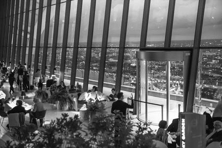 LONDON UK - 22 MAY, 2015: People in the restaurant of Walkie-Talkie skyscraper with beautiful night City of London lights background.
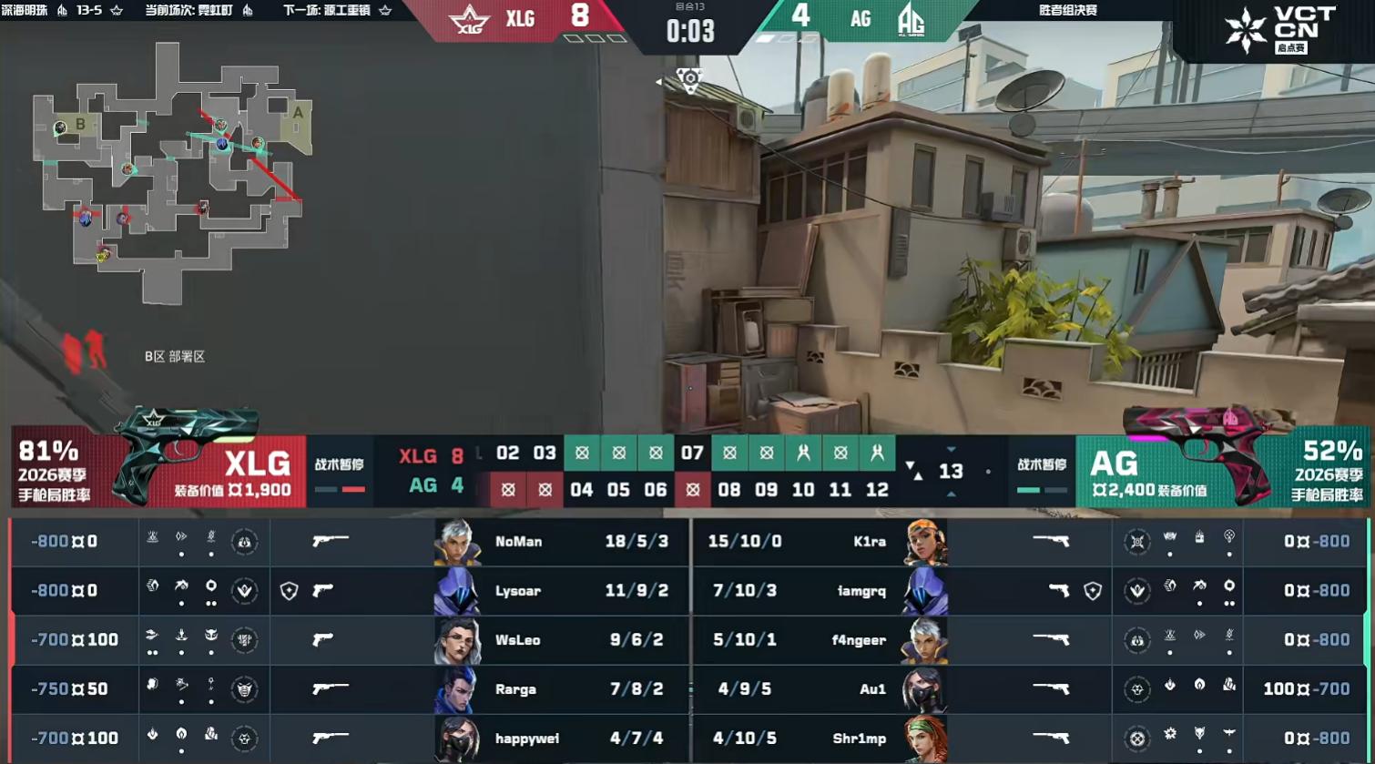 AG opened the first half with four straight wins. In round 5, XLG faked left and attacked B through mid, breaking AG’s defense to claim the round.
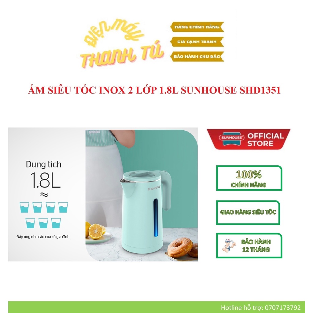 Ấm siêu tốc inox 2 lớp Sunhouse SHD1351, Dung tích 1.8 Lit, Bảo hành 12 tháng
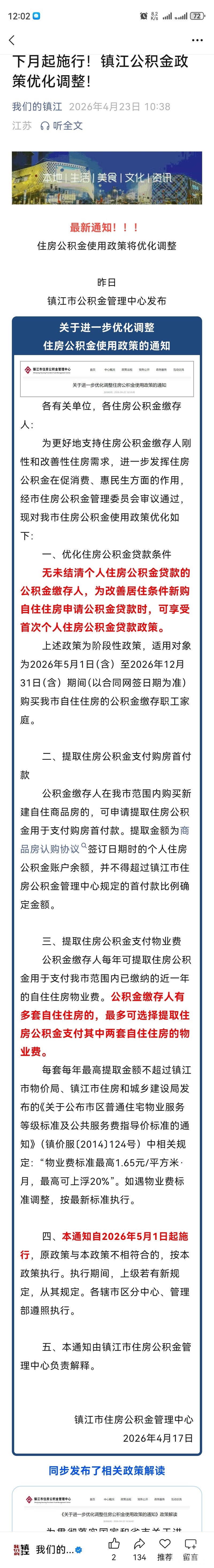 公积金新政发布。
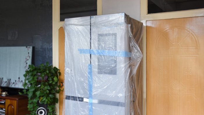 将纸箱和塑料泡沫全部拿掉,冰箱外侧还套着一层塑料袋,在屏幕一侧还垫着一层充气的缓冲垫。把这些东西和包装箱底座全部去掉之后,方可见到庐山真面目。
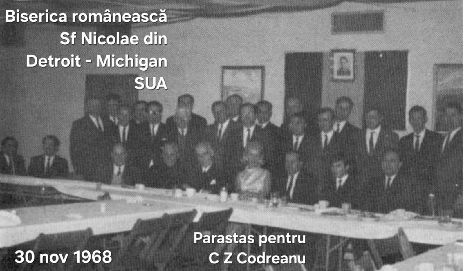 Am început însă cu trei fotografii din 1968, din Statele Unite ale Americii, considerându-le relevante pentru modul firesc în care percepeau acest gen de comemorări românii care, înainte de 1989, trăiseră în Occident, atât în SUA, cât și în țările vest-europene, unde aceste manifestări erau considerate ceva firesc atât în comunitățile de români, cât și de către autoritățile statelor respective. Imaginile de față sunt din Detroit (statul Michigan) de la comemorarea lui Corneliu Zelea Codreanu ținută la biserica românească, cu hramul Sf. Nicolae, în ziua de 30 noiembrie 1968 (se împlineau 30 ani de la asasinarea liderului Mișcării Legionare). Foto-documentele le consider relevante pentru că, în anii de după 1990, mulți exilați se repatriaseră, aducând cu ei mentalitățile formate în Occidentul liber.
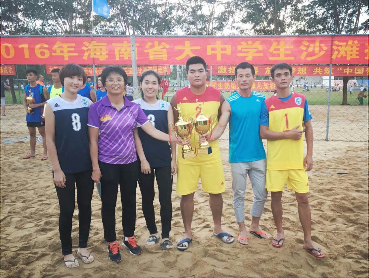 2016年海南省大学生沙滩排球锦标赛近日在琼海市海桂学校落下帷幕。必赢官网男女沙排在专业组比赛中顽强拼搏,充分展示了必赢官网运动健儿良好的精神风貌和精湛的战术水平,最终必赢官网男队组合(曾繁刚、刘陶欢)和女队组合(杜星、贾凡)分别以全胜的战绩获得了本届比赛专业组男女冠军。
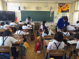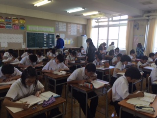 6月2日(木)の放課後、英語検定チャレンジがスタートしました。今回、参加した児童生徒は68名で、8年1組の教室がいっぱいになりました。中学生は自前のテキスト、小学生は5級レベルのプリント集を使って、勉強に励みました。静かな雰囲気の中で、一人ひとりが黙々と打ち込む姿が見られました。
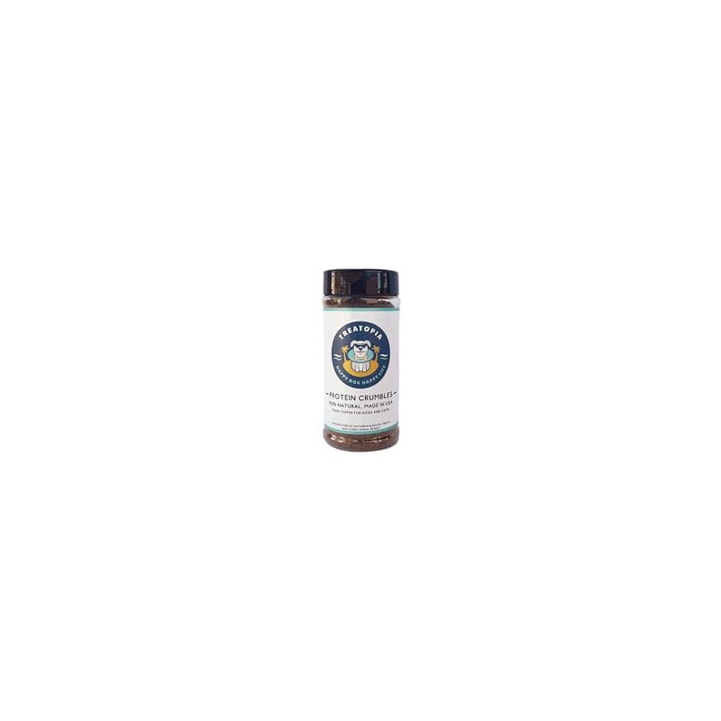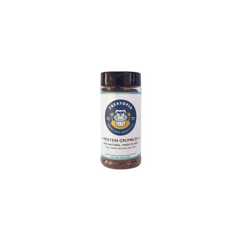 - Protein: Treatopia Protein Crumbles can be enjoyed as a meal enhancement for every day meals, added protein to homemade dog treats, and can even be added to water to encourage healthy water intake.
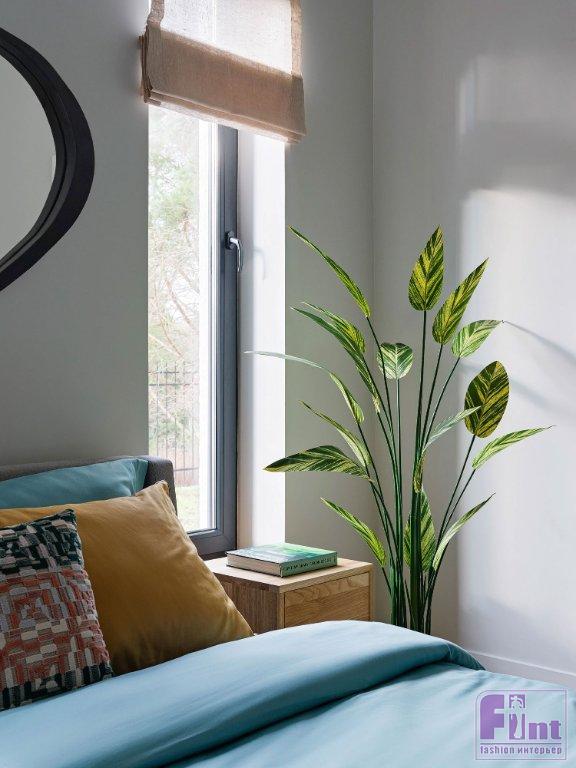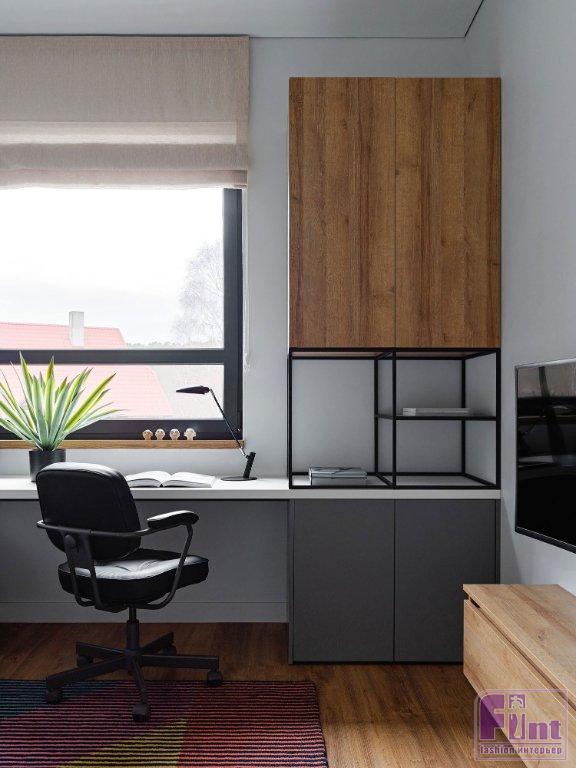 Гостевая спальня из-за металлических деталей имеет выраженный мужской характер. Яркий ковёр, колоритное абстрактное полотно и подобранный ему в цвет текстиль создают настроение для позитивного отдыха. Интерьер кабинета исполнен в общей для всех помещений дома стилистике. Фактурный цветастый ковёр с геометрическим рисунком призван заряжать энергией, помогая таким образом проведению деловых встреч и приватных бесед, но не отвлекая от работы за столом. С учётом всех пожеланий интерьер получился воздушным и естественным — с множеством природных фактур и с оригинальным и выразительным декором.

==============================

WHAT THE TASK REQUIRES: Every line above should be printed again word for word, without its pictures.

FINISHED TASK:
 LONDON UK - 22 MAY, 2015: People in the restaurant of Walkie-Talkie skyscraper with beautiful night City of London lights background.
 AG opened the first half with four straight wins. In round 5, XLG faked left and attacked B through mid, breaking AG’s defense to claim the round.
 Ấm siêu tốc inox 2 lớp Sunhouse SHD1351, Dung tích 1.8 Lit, Bảo hành 12 tháng
 公积金新政发布。
 将纸箱和塑料泡沫全部拿掉,冰箱外侧还套着一层塑料袋,在屏幕一侧还垫着一层充气的缓冲垫。把这些东西和包装箱底座全部去掉之后,方可见到庐山真面目。
 Am început însă cu trei fotografii din 1968, din Statele Unite ale Americii, considerându-le relevante pentru modul firesc în care percepeau acest gen de comemorări românii care, înainte de 1989, trăiseră în Occident, atât în SUA, cât și în țările vest-europene, unde aceste manifestări erau considerate ceva firesc atât în comunitățile de români, cât și de către autoritățile statelor respective. Imaginile de față sunt din Detroit (statul Michigan) de la comemorarea lui Corneliu Zelea Codreanu ținută la biserica românească, cu hramul Sf. Nicolae, în ziua de 30 noiembrie 1968 (se împlineau 30 ani de la asasinarea liderului Mișcării Legionare). Foto-documentele le consider relevante pentru că, în anii de după 1990, mulți exilați se repatriaseră, aducând cu ei mentalitățile formate în Occidentul liber.
 2016年海南省大学生沙滩排球锦标赛近日在琼海市海桂学校落下帷幕。必赢官网男女沙排在专业组比赛中顽强拼搏,充分展示了必赢官网运动健儿良好的精神风貌和精湛的战术水平,最终必赢官网男队组合(曾繁刚、刘陶欢)和女队组合(杜星、贾凡)分别以全胜的战绩获得了本届比赛专业组男女冠军。
 6月2日(木)の放課後、英語検定チャレンジがスタートしました。今回、参加した児童生徒は68名で、8年1組の教室がいっぱいになりました。中学生は自前のテキスト、小学生は5級レベルのプリント集を使って、勉強に励みました。静かな雰囲気の中で、一人ひとりが黙々と打ち込む姿が見られました。
 - Protein: Treatopia Protein Crumbles can be enjoyed as a meal enhancement for every day meals, added protein to homemade dog treats, and can even be added to water to encourage healthy water intake.
 Гостевая спальня из-за металлических деталей имеет выраженный мужской характер. Яркий ковёр, колоритное абстрактное полотно и подобранный ему в цвет текстиль создают настроение для позитивного отдыха. Интерьер кабинета исполнен в общей для всех помещений дома стилистике. Фактурный цветастый ковёр с геометрическим рисунком призван заряжать энергией, помогая таким образом проведению деловых встреч и приватных бесед, но не отвлекая от работы за столом. С учётом всех пожеланий интерьер получился воздушным и естественным — с множеством природных фактур и с оригинальным и выразительным декором.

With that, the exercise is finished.